Here, the dimensionless radial co-ordinate $x=r/R$, where R denotes the spherical cell radius. The TF-function $\varphi \left(x\right)$ and dimensionless parameter $\mathcal{A}$ are defined as

$$\begin{array}{ccc}\hfill \varphi \left(x\right)& =& (r/R)[{\mathcal{E}}_{\mathcal{F}}+eV\left(r\right)]/\left(k_{B}T\right),\hfill \\ \hfill \mathcal{A}& =& {(R/C)}^2,C=h^{3/2}/\left[4\pi e{\left(2m\right)}^{3/4}{\left(k_{B}T\right)}^{1/4}\right],\hfill \end{array}$$

where $V\left(r\right)$ is the electrostatic potential, ${\mathcal{E}}_{\mathcal{F}}$ the Fermi energy, $k_B$ Boltzmann’s constant and T temperature. Note that $e$ denotes the magnitude of electronic charge so that $-eV$ is the electron potential energy. Remaining symbols are electron mass $m$ and Planck’s constant h.

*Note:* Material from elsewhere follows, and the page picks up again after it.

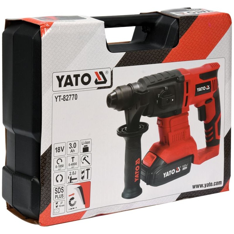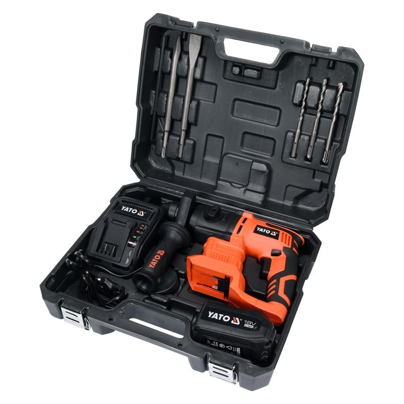 Lekka i ergonomiczna akumulatorowa młotowiertarka SDS-plus YATO zfunkcją podkuwania. Dzięki niewielkiej wadze, krótkiemu korpusowi i zasilaniu wytrzymałą baterią doskonale sprawdzi się podczas montażu sufitów podwieszanych i seryjnego wiercenia w betonie. Polecana dla instalatorów, elektryków.

The Fermi-Dirac function of order $n$ is given by

$$I_n\left(\eta \right)=\underset{0}{\overset{\infty }{\int }}dy{y}^n{[exp(y-\eta )+1]}^{-1}.$$

(2)

Accurate rational function approximations [17] for these integrals (and their inverse functions) are available for $n=-{\displaystyle \frac{1}{2}},{\displaystyle \frac{1}{2}},{\displaystyle \frac{3}{2}}$ and ${\displaystyle \frac{5}{2}}$. The limiting condition that $V\left(r\right)$ must approach the nuclear potential $Ze/r$ as $r\to 0$ yields one boundary condition $\varphi \left(0\right)=Z{e}^2/\left(R{k}_{B}T\right)$. The other follows from the condition that the atomic sphere is electrically neutral, which implies that potential gradient $V^{\prime }\left(R\right)=0$ at R. This fact, together with the choice of potential value $V\left(R\right)=0$ at R (which is arbitrary) provides the condition ${\varphi }^{\prime }\left(1\right)=\varphi \left(1\right)$. Now, note that $\varphi \left(1\right)={\mathcal{E}}_{\mathcal{F}}/k_{B}T$ which is also implicitly defined through the relation $Z^{*}/\mathcal{V}=(4\pi /h^3){\left(2m{k}_{B}T\right)}^{3/2}{I}_{1/2}[{\mathcal{E}}_{\mathcal{F}}/k_{B}T]$, where $Z^{*}$ is number of free electrons at temperature T and $\mathcal{V}$ the cell volume.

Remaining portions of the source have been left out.